EN BREF • Le congrès de l’AfD en Allemagne a été retardé de deux heures par des manifestations contre l’extrême droite.
• Le parti a formé une nouvelle organisation de jeunesse, « Generation Deutschland », pour remplacer « Junge Alternative », dissoute pour extrémisme en 2024.
• L’AfD vise à lisser son image pour gagner en popularité, tout en maintenant des liens avec des mouvements d’extrême droite.
Des manifestations contre l’extrême droite ont obligé le parti Alternative pour l’Allemagne (AfD) à retarder son congrès de deux heures, ce samedi 29 novembre. Ce congrès était destiné à former sa nouvelle organisation de jeunesse, dissoute en 2024.
Initialement prévu à 10h, heures locales à Giessen, près de Francfort, le congrès n’a commencé qu’aux alentours de midi car les militants de l’AfD peinaient à rejoindre la salle en raison des blocages de rues des manifestants contre la formation antimigrants et prorusse, un peu partout dans la ville, comme vous pouvez le voir dans notre vidéo en tête de l’article.

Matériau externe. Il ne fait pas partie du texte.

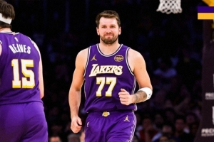 赛后,湖人发布封面人物为东契奇的赢球海报,以及他个人的数据海报。
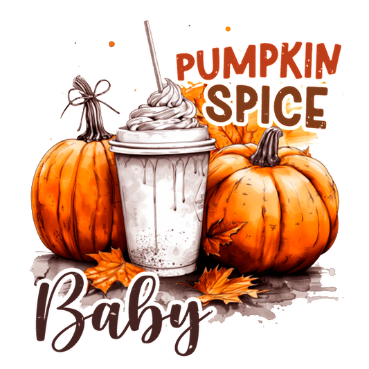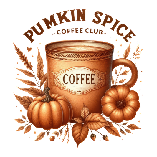Las acogedoras vibraciones otoñales brillan a través de esta taza de café con especias de calabaza, bellamente adornada con hojas de otoño y calabazas.
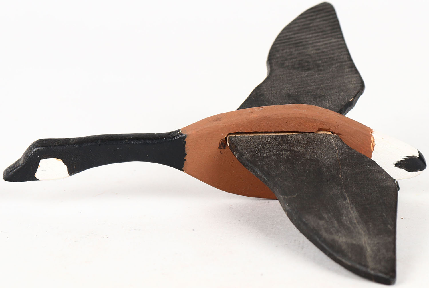 Miniature Flying Canada Goose by unknown maker, solid wood, painted eyes, original paint. Grade: Excellent ++ - Value: 10 to 20
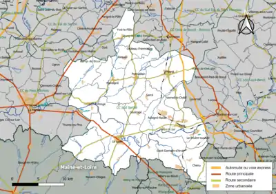 Située au sud du département de la Sarthe, la communauté de communes Sud Sarthe regroupe 19 communes et présente une superficie de 542,6 km2[3].

Un porte-parole de la police de Giessen, interrogé par l’AFP, a chiffré à 25 000 le nombre total de manifestants en cours de journée, alors que les organisateurs espéraient en rassembler 57 000. Certains lançaient des fumigènes, d’autres brandissaient des drapeaux arc-en-ciel ou des banderoles avec des slogans comme « combattre le fascisme ». La manifestation était encadrée par un important dispositif policier.
Les régionales dans le viseur de l’AfD
Arrivée deuxième aux législatives de février dernier, l’AfD se met en ordre de bataille avant une série d’élections régionales en 2026 qu’elle espère remporter, en particulier dans ses bastions de l’Est.
Ce parti avait dû dissoudre au début de l’année sa précédente organisation de jeunesse, « Junge Alternative » (Jeune Alternative), menacée d’interdiction pour son extrémisme. On lui reprochait la promotion d’idées xénophobes et divers scandales, allant du chant raciste à l’organisation d’entraînements paramilitaires.
Une centaine de participants étaient réunis par le parti pour désigner les cadres de sa nouvelle organisation de jeunesse, adopter ses statuts, choisir un nom et un logo. Le parti avait annoncé en attendre un millier.
« Ce pays est en difficulté. Et quelque chose doit changer », a déclaré Kevin Potthast, un électricien de 34 ans, de Steinfurt (ouest de l’Allemagne) rencontré par l’AFP au congrès. « Il est bien sûr important d’emmener les jeunes avec nous, parce que les jeunes sont l’avenir », a-t-il ajouté.
« Generation Deutschland » comme nouveau nom
La direction de l’AfD veut désormais une organisation de jeunesse nettement plus sous son contrôle, mais toujours en lien avec les mouvances les plus radicales.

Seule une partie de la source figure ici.